逃げ一族ヤマカツの一発 「競馬巴投げ!第148回」1万円馬券勝負
北海道出張で宿舎に閉じこもる厩舎スタッフは病気なのか、どうなのか
[写真3]レッドソロモン 【写真:乗峯栄一】
「うちの厩舎じゃよお、毎年4人が北海道出張行くんだけどな、3人を抽選で選ぶことになる。え? なぜかって? 一人はオレに決まってるからだろうが」などとも言っていた。
この北海道大好きオジサン、行ってしばらくすると、必ずうちに電話してくる。
「おう、オヤジか。いま何食っとる? 豆腐? 食いてえなあ、本州の豆腐。こっちはよ、毎日、ウニ、カニ、イクラ、ボタンエビ、もう飽きたよ、ススキノ飽きた、ウハハハハ。ああ、豆腐食いてえ」
そのあと「キャー、フフフフ」という女の嬌声が聞こえてきて、「ねえちゃんたちはオレのこと離さねって言うしよう、もう参ってるよ」などと言うのを聞いて、ガチャンと電話切る。毎年の恒例行事だ。
一度「北海道出張行っても、調教と馬体の手入れだけやって、あとは宿舎でじっとしているという、そういう厩舎スタッフはいないの?」と聞いたことがあるが「いるよ、そういうやつも、たまにはな。でも、そういうやつは大概、病気だな」などと答えていた。

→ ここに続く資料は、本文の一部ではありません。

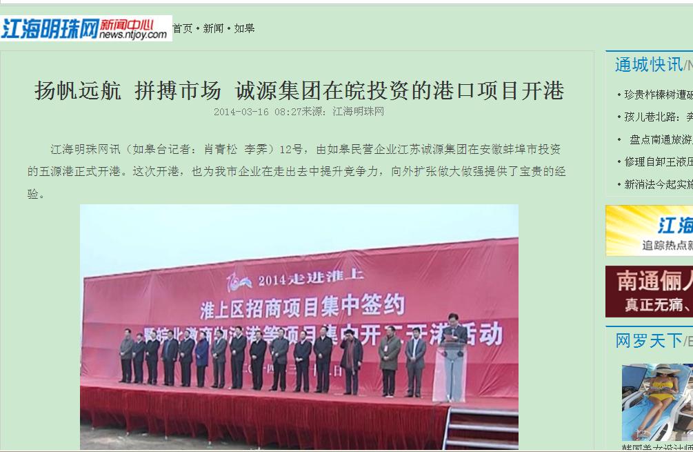关于“诚源港务集团在皖投资的港口项目开港”的新闻报道

しかし最近そうでもないと思うようになる。「あの、“ウニ・カニ・ねえちゃん・オジサン”の方が特殊だったんじゃないか」と思うことがよくある。
5月のダービーの頃に栗東トレセンに行って、知り合いの厩舎スタッフに会うと「今年の夏は北海道?」などと聞くのだが、「今年は行かなくてすみそう」と笑顔を見せたり、「札幌は行かないといけないかも」と顔を曇らせたりする。最近はこの方が圧倒的に数が多いのだ。
北海道出張で宿舎に閉じこもる厩舎スタッフは病気なのか、どうなのか、ああ調べに行きたい。調べに行ったあと、函館記念か何か当てて、ウニ、カニ、イクラの舞い踊りに浸りたい。